Then there's the library/tools situation. I did all the work for my honours dissertation in Ruby in part because the Ruby ecosystem is vast and vibrant (sometimes inconveniently so).

I imagine that the C++-for-the-web ecosystem is going to be a bit more spartan.

daemin · on Jan 11, 2012

Do you actually mean C?

Since in C++ you can use STL classes for buffers where they are automatically resized as appropriate, streams for IO, etc. So you'd effectively have the same resizing and safe objects to work with as in a higher level language.

As far as I see it both C++ and Ruby have a similar amount of libraries that can be used, they both have a major web framework, Rails for Ruby and OKWS for C++, and there's probably a plethora of smaller frameworks and helpers available for each language.

Rails may seem like it would be winning (versus C++) on the ecosystem, but that's because there's so many hip gems for Rails out there, but if you take a look at all libraries it probably won't be so.

jacques_chester · on Jan 11, 2012

I mean both, though OP addressed C++. And you've proved my point.

Proper use of carefully-written classes will reduce the risk of a buffer overflow -- but you will need to exercise additional vigilance ("Make sure you use STL! Why isn't this code using STL?" etc), over and above addressing the problem, to ensure string safeness is assured.

That's a dead loss that programmers in memory-safe languages simply don't have to pay for the same level of confidence.

daemin · on Jan 11, 2012

I consider the STL to be (essentially) part of the language, hence to program without it, isn't really programming C++ anymore. This is especially true since the introduction of C++11, where the STL enables many language features.

Essentially a string is std::string, a resiable buffer is std::vector<unsigned char>, and for a string or a resiable (or unknown size) buffer to be anything else you need to provide a very good reason.

I would also be careful with Ruby since a lot of (performance specific) gems and plugins for Rails are written in C, and hence potentially suffer the same problems that one is trying to avoid by using Ruby. Or at least you end up in the same boat if you were using C or C++ to begin with.

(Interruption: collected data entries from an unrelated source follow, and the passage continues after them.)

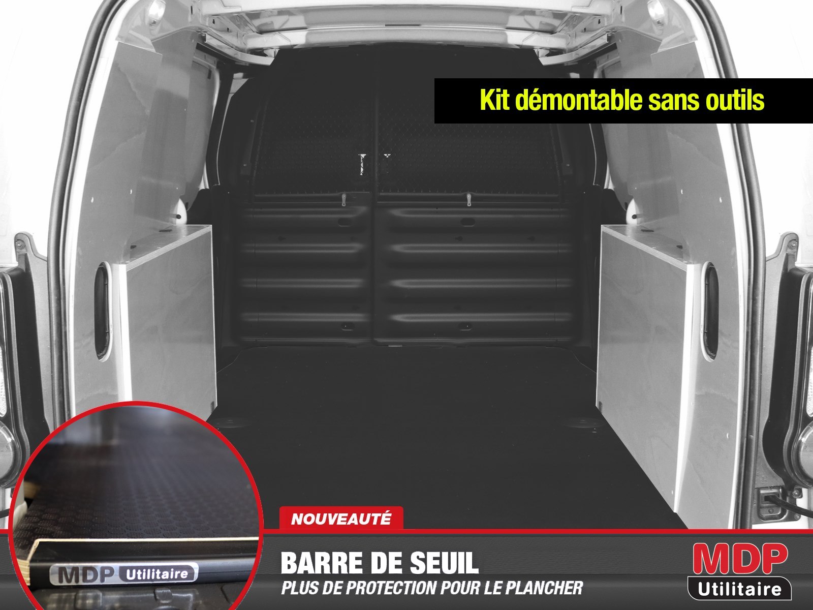Démontable sans outils Kit +Portes AR Haute +Plancher Anti Bouleau LONG 2 Plc pour Peugeot PARTNER 2018
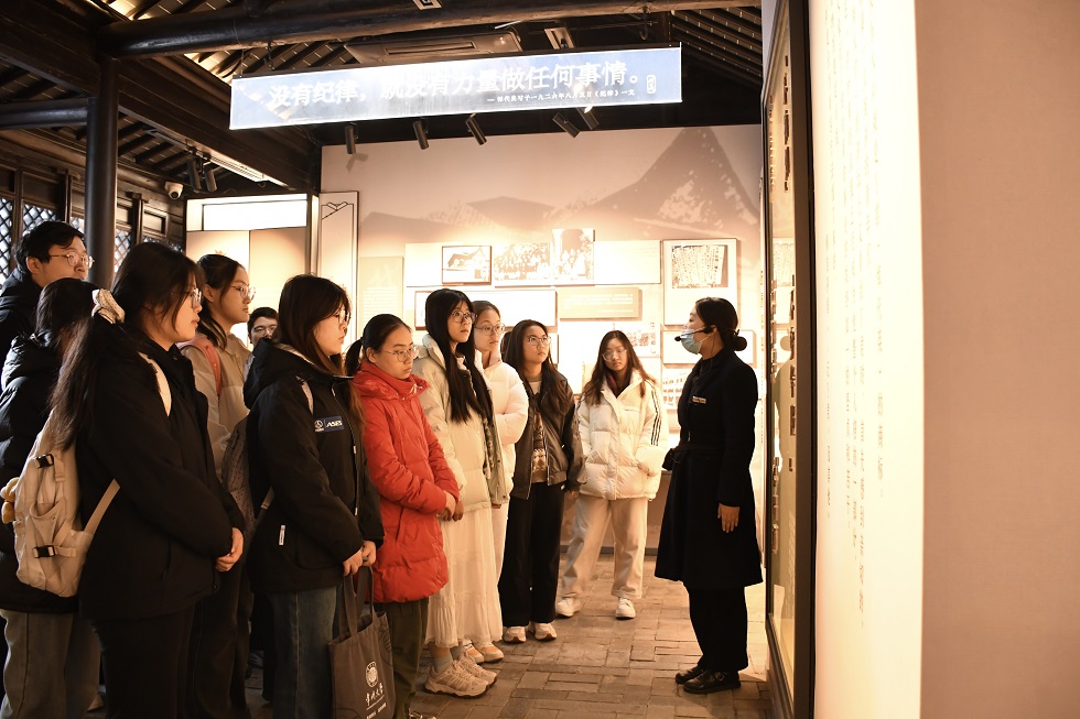 活动中,学生在讲解员的引导下有序参观了各个展区,通过详实的文字史料、珍贵的历史图片、生动的实物展品以及沉浸式场景还原,全面深入地了解了恽代英同志从青年求学、投身革命到英勇就义的光辉一生,彰显了他“利社会、利国家、利天下”的赤诚初心。恽代英同志始终坚定理想信念,将毕生精力奉献给了中国人民的解放事业,其“浪迹江湖忆旧游,故人生死各千秋。已摈忧患寻常事,留得豪情作楚囚”的革命气节,深深震撼着现场参观的学生。
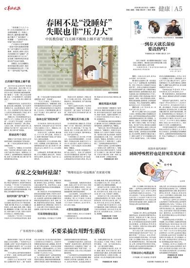 春夏之交雨水多,“老话说,广东人除了秋高气爽的时节,其他季节都有祛不完的湿。”广州市红十字会医院中医科二区主任、主任中医师梁天山笑言,湿邪是现代人最常见的体质问题,不易察觉,却为健康带来很多影响。

VikingCoder · on Jan 10, 2012

> That the language requires constant, conscious diligence to achieve a security baseline that comes for free in other languages is wasteful.

For extremely expensive values of "free."

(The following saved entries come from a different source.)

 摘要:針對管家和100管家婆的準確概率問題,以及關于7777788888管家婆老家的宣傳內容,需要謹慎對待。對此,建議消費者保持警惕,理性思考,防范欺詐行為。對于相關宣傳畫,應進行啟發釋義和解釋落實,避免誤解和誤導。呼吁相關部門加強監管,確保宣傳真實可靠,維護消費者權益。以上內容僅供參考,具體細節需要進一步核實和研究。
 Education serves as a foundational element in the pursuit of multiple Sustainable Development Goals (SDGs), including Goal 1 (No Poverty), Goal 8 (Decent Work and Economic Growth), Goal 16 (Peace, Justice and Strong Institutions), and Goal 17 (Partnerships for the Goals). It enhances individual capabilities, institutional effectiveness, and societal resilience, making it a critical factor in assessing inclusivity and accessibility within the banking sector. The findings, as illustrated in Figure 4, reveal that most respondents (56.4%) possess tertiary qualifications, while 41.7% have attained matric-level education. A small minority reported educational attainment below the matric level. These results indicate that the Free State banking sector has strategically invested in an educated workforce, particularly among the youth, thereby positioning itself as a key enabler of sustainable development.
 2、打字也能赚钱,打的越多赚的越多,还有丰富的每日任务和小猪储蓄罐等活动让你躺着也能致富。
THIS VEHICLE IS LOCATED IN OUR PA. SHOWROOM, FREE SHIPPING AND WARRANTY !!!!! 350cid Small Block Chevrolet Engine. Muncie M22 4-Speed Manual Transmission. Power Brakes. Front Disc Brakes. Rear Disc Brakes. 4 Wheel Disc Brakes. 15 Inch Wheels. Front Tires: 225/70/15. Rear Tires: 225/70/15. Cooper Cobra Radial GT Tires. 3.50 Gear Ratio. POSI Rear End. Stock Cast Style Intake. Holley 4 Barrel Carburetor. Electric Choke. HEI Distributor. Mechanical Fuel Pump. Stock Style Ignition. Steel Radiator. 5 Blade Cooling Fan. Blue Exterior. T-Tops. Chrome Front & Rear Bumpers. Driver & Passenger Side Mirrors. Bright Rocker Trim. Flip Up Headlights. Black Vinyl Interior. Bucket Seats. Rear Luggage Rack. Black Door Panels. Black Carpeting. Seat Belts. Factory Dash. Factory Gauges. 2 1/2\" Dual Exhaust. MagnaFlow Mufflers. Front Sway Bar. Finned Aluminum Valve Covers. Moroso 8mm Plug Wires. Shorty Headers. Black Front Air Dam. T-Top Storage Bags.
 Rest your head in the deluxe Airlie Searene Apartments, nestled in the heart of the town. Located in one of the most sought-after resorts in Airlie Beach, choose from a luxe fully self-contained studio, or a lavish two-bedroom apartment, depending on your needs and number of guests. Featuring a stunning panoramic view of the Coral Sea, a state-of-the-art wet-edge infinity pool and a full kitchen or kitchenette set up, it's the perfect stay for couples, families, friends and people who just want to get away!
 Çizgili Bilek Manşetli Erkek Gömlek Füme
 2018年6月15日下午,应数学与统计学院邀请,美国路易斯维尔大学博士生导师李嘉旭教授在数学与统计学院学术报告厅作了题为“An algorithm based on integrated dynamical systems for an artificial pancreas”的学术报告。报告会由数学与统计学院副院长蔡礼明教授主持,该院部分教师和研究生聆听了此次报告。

jacques_chester · on Jan 10, 2012

Could you elaborate?

VikingCoder · on Jan 10, 2012

No language exists yet that is aware of all security issues. No matter what language, library, framework, toolset you use, you need to be aware of multiple vectors of attack.

Claiming that some languages solve these problems for you, for free, is disingenuous.

jacques_chester · on Jan 10, 2012

That's not what I claimed.

I pointed out that languages with safe string handling and memory management have a higher security baseline. As in, what you start with, for "free".

Achieving comparable string and memory security in C/C++ is an expense. You must take active steps to prevent those exploits; and even then human error means that you will have a higher risk than the "free baseline" languages.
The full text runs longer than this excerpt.